That used to happen when on levo or T4/T3. On Naturethroid I slept fine.

Try an experiment with chamomile tea - a couple of teabags at a time instead of 1 as they are not as strong as tea made yourself with the herb. Sip the tea - it has a relaxing effect and is good for several different uses.

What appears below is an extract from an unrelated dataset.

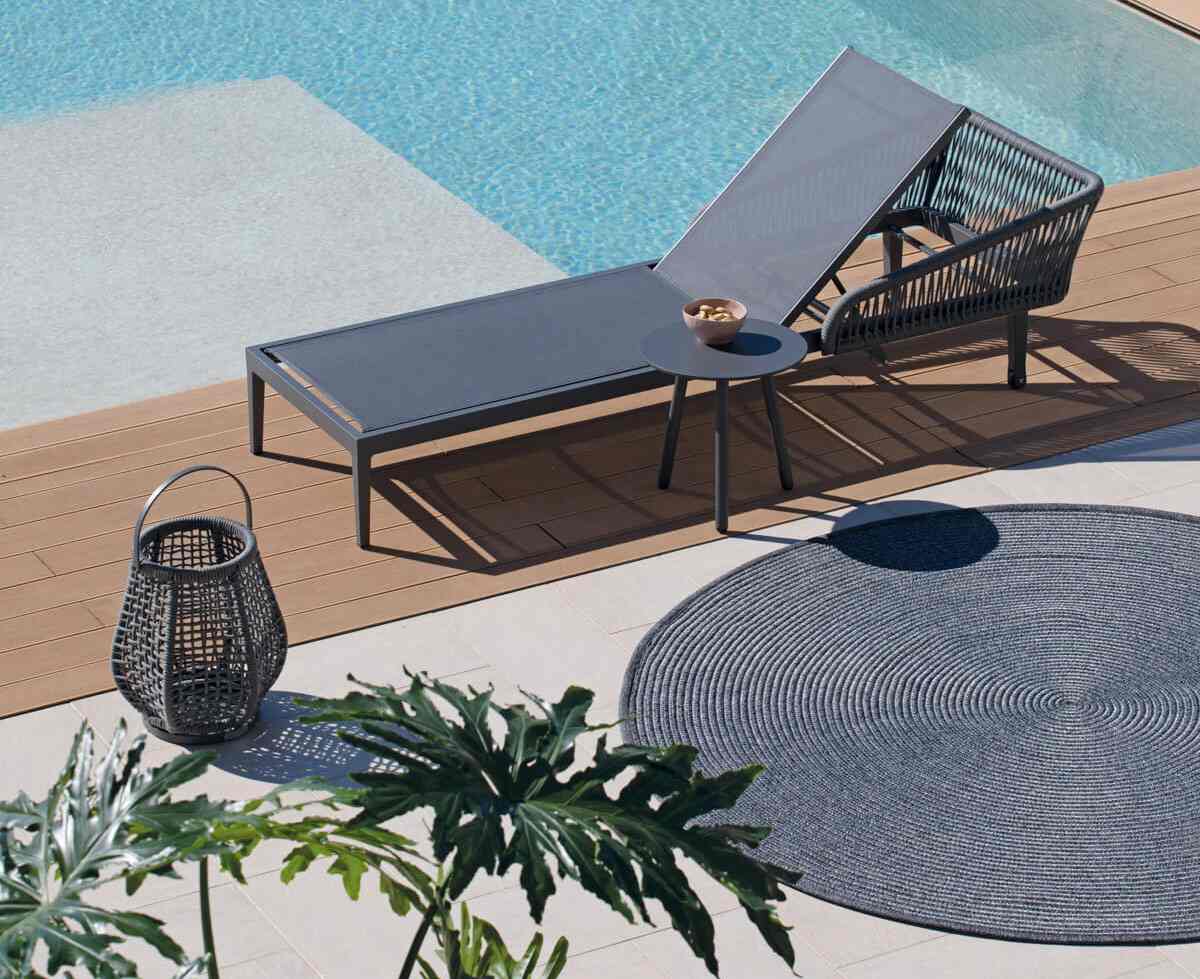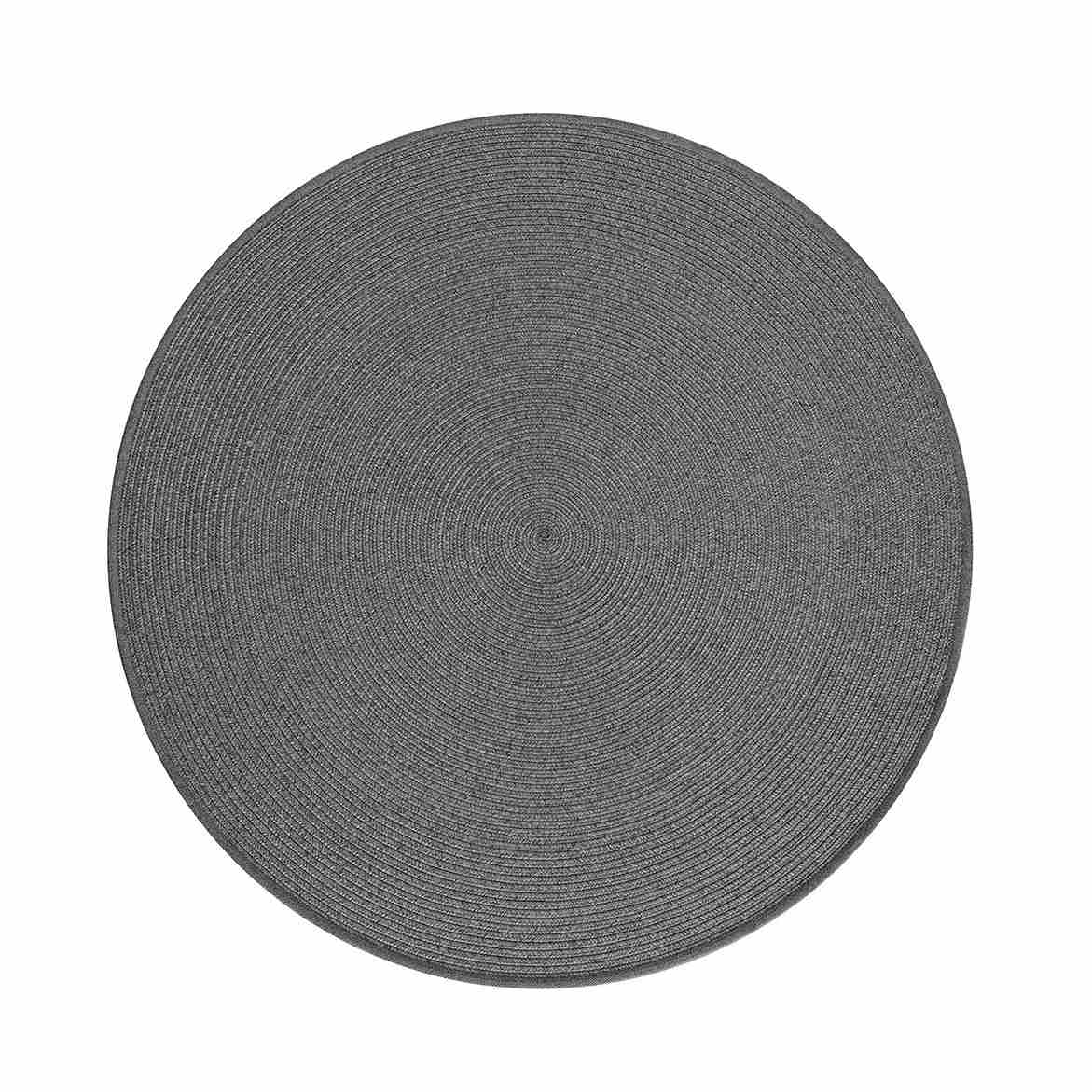 Tappeto realizzato in fibra di poliestere e polipropilene intrecciato a mano. Composizione 85% poliestere, 15% polipropilene.

holistic-medicine-md.com/ch...

Some hints from Dr Mercola

articles.mercola.com/sites/...

beaton profile image
beaton

Thanks Shaws,those articals both seem very interesting.x

Jackie profile image
Jackie

Hi This sleep pattern is typical of under treated HYpo, with Hyper the sleeplessness is quite different. I have to day though, not many docs recognise the difference., but obvious to those that suffer from it.

Best wishes,

Jackie

rubysjules profile image
rubysjules in reply toJackie

This is my sleep pattern on thyroid fall asleep easily after reading wake up after an hour then usually every other night wake up every two hours! Till 5 am them that's it . I am exhausted all the time! On 75 mcg Levo and still on 6 weekly blood tests and dose rises

Jackie profile image
Jackie in reply torubysjules

Hi Yes,as I said this is typical of under treated hypo. It can take a year with frequent retests and alterations in meds to be OK,Are you sure you are having TSH, T4 and essential FT3 tested? Asking for a print out + ranges from receptionist, hospital sec. All ranges different so they are essential. If T4 is at top of range and FT3 is not, quite likely the balance is wrong and you need some T3 with the T4 ( Levo). If GP cannot do the 3 tests, the cheapest way is on line.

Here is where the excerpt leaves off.